[[ DATA SHOWN, beginning ]]

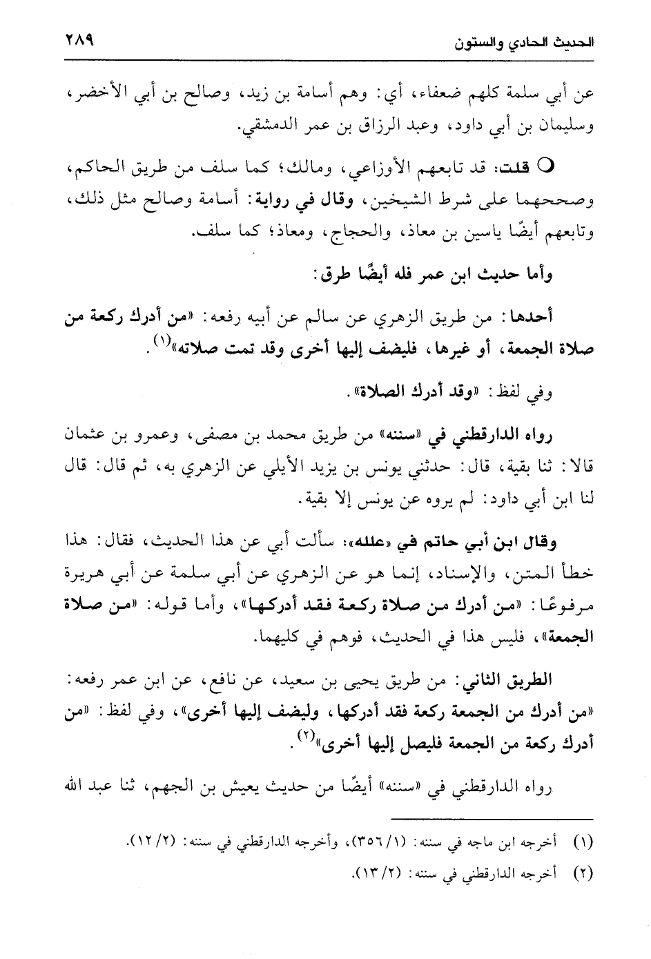 أحدها: من طريق الزهري عن سالم عن أبيه رفعه: "من أدرك ركعة من صلاة الجمعة، أو غيرها، فليضف إليها أخرى وقد تمت صلاته" (¬1).
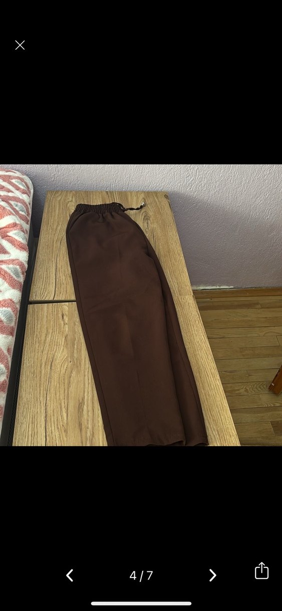 Kadın kahverengi kumaş pantolon, rahat kesim ve uzun boy. Düz, minimalist tarzda, elastik bel bandıyla günlük sokak stili için uygundur.
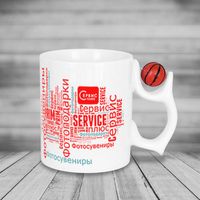 Кружка керамика, глянцевая, белая с баскетбольным мячиком на ручке [310мл] (с печатью принта, надписи, фотографии)
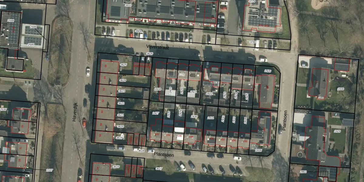 Gebruik de zoekbalk of klik op een perceel om informatie over het perceel te bekijken.
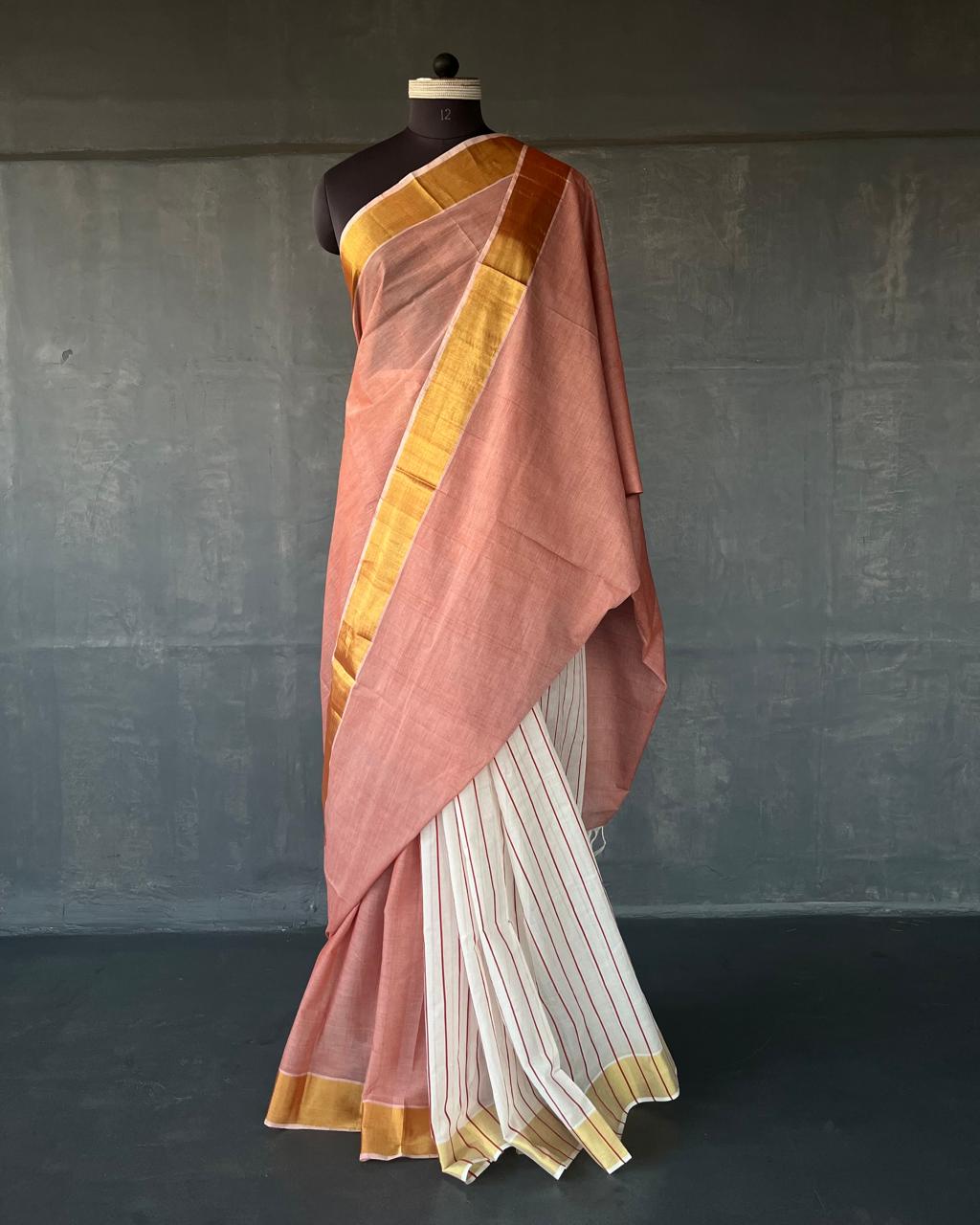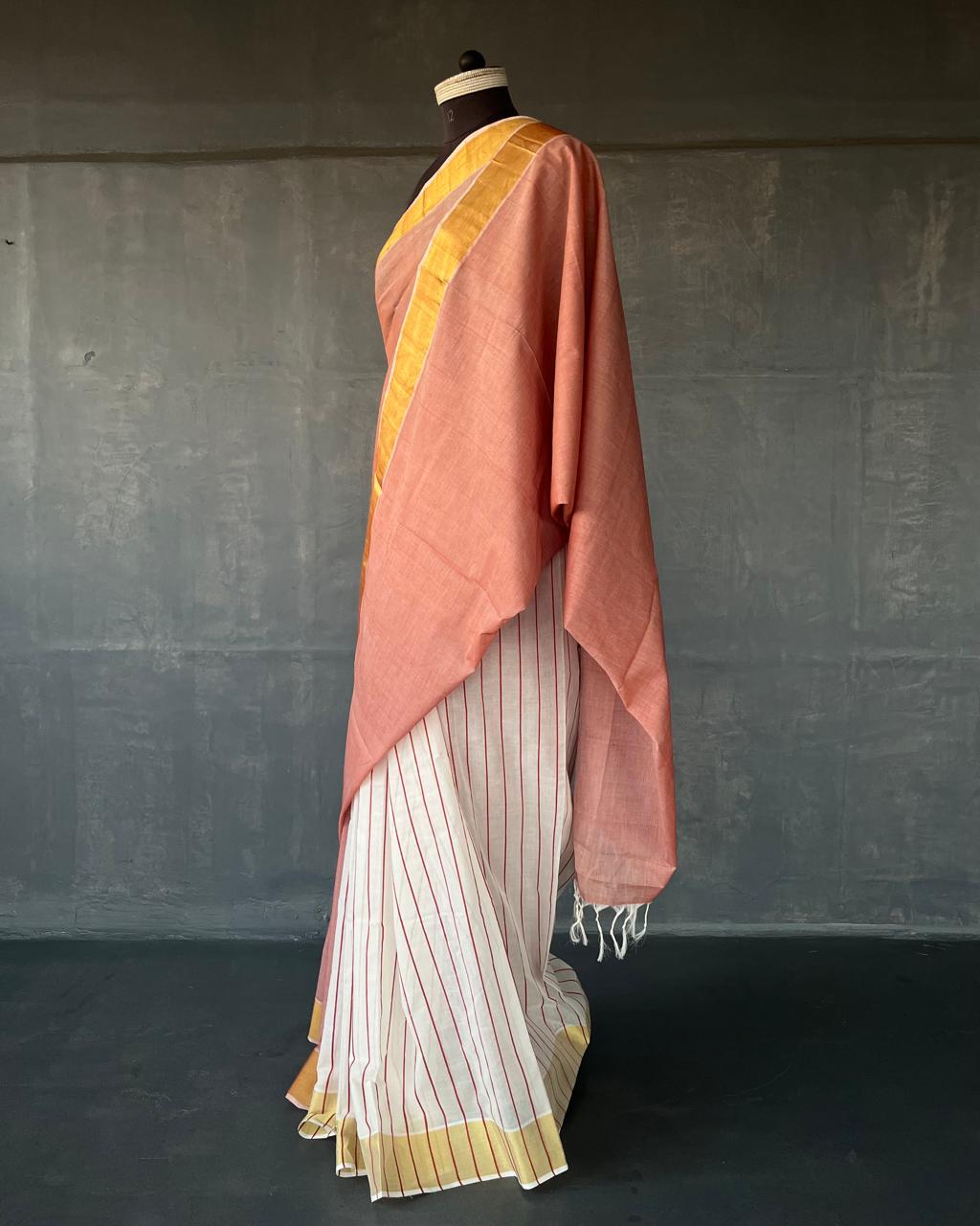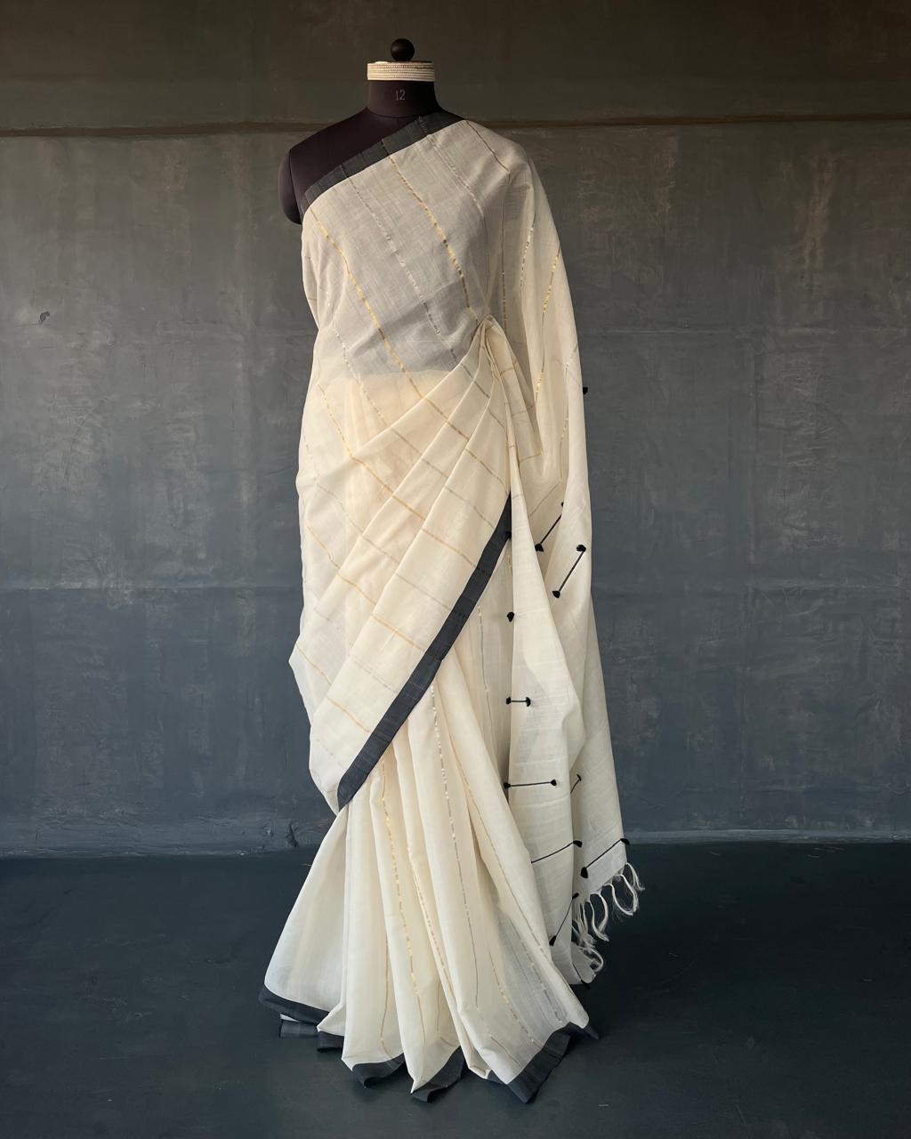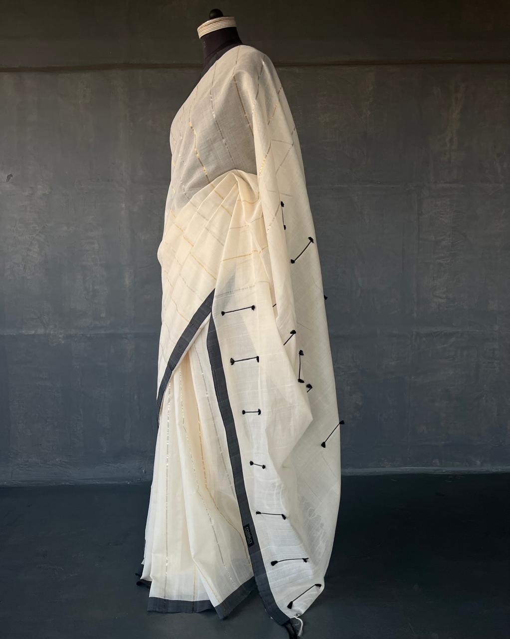 This saree is a part of our #everyinchoffabric initiative and unfinished edges are a part of the design sensibility.
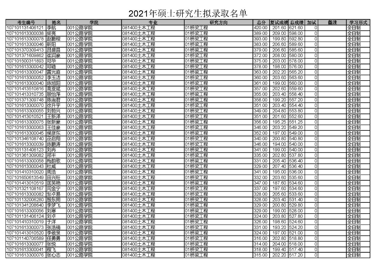 以上就是“2021考研擬錄取名單:長安大學2021年碩士研究生招生擬錄取名單公示”的全部內容,更多錄取名單相關內容請持續關注本網站。
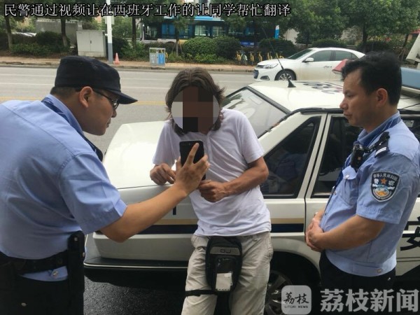 7月5号下午1点多, 南京雨花台公安分局的民警在行驶到名城大道附近时,被一名外籍男子拦了下来。但是男子除了简单的几个英文单词,说的语言大家都听不懂。民警示意男子出示护照,这才知道,他是西班牙人。张警官立即通过工作群询问,有没有懂西班牙语的同事。
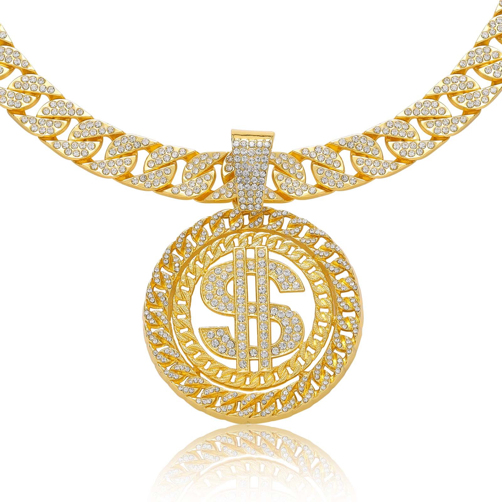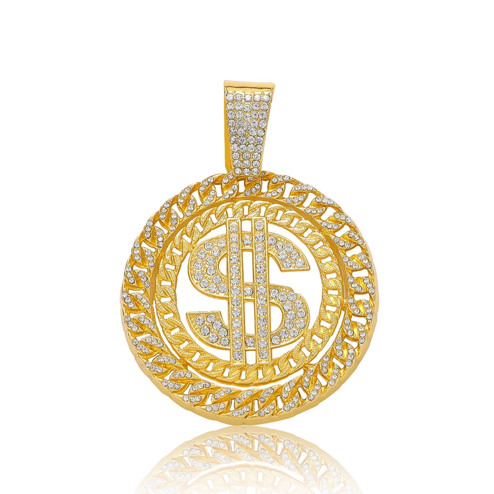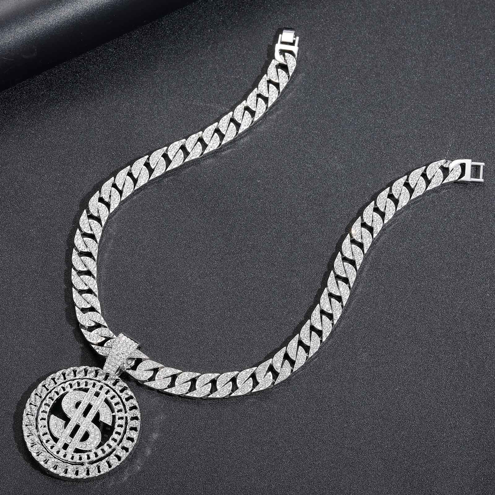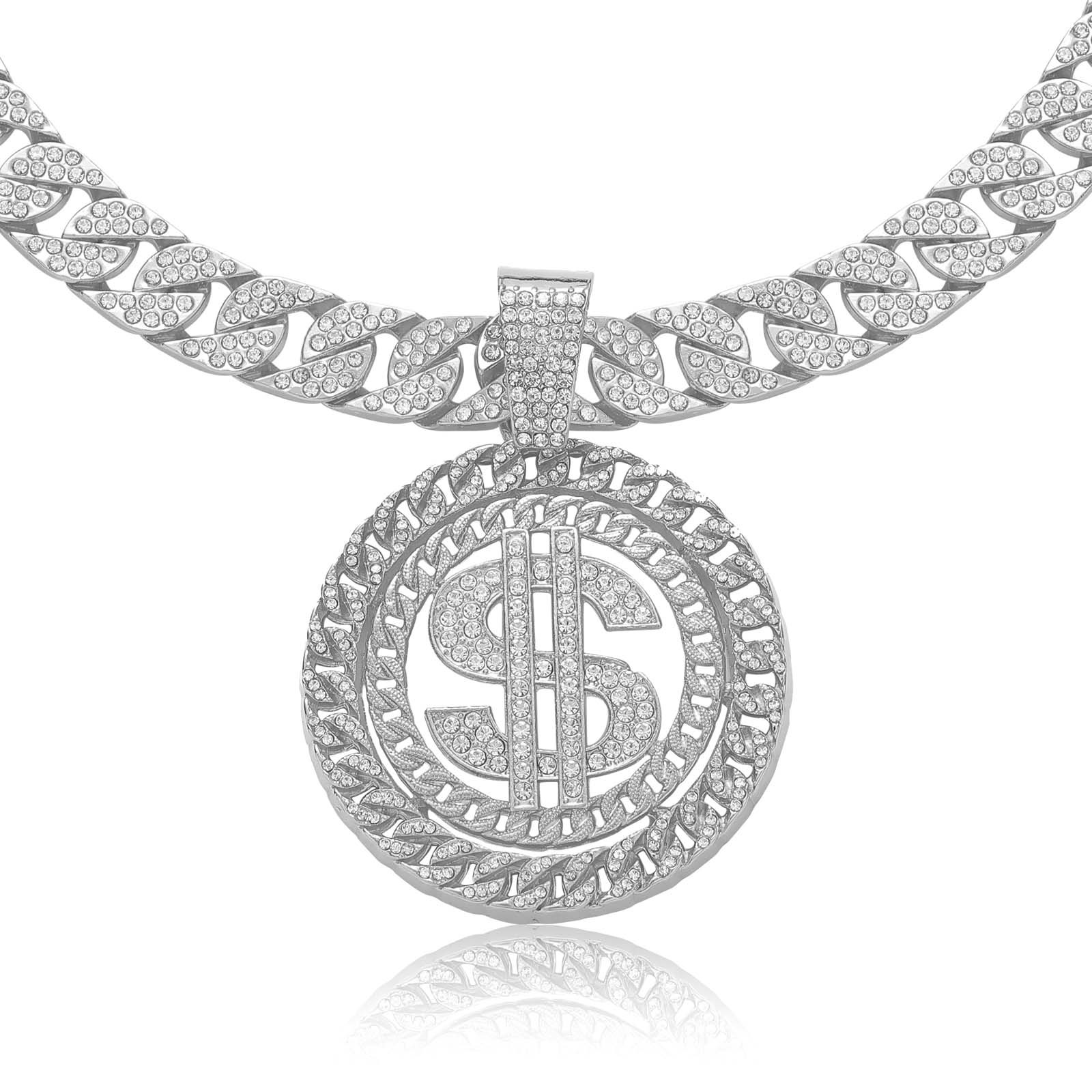 | nameOriginal | European and American cross-border hip hop dollar disc pendant with diamond alloy trendy men's hip hop Cuban chain US dollar necklace |

[[ DATA SHOWN, end ]]

INSTRUCTIONS FOR THE TASK: Your copy should match the entries exactly, minus the pictures.

RESPONSE BOX:
 أحدها: من طريق الزهري عن سالم عن أبيه رفعه: "من أدرك ركعة من صلاة الجمعة، أو غيرها، فليضف إليها أخرى وقد تمت صلاته" (¬1).
 Kadın kahverengi kumaş pantolon, rahat kesim ve uzun boy. Düz, minimalist tarzda, elastik bel bandıyla günlük sokak stili için uygundur.
 Кружка керамика, глянцевая, белая с баскетбольным мячиком на ручке [310мл] (с печатью принта, надписи, фотографии)
 Gebruik de zoekbalk of klik op een perceel om informatie over het perceel te bekijken.
 This saree is a part of our #everyinchoffabric initiative and unfinished edges are a part of the design sensibility.
 以上就是“2021考研擬錄取名單:長安大學2021年碩士研究生招生擬錄取名單公示”的全部內容,更多錄取名單相關內容請持續關注本網站。
 7月5号下午1点多, 南京雨花台公安分局的民警在行驶到名城大道附近时,被一名外籍男子拦了下来。但是男子除了简单的几个英文单词,说的语言大家都听不懂。民警示意男子出示护照,这才知道,他是西班牙人。张警官立即通过工作群询问,有没有懂西班牙语的同事。
 | nameOriginal | European and American cross-border hip hop dollar disc pendant with diamond alloy trendy men's hip hop Cuban chain US dollar necklace |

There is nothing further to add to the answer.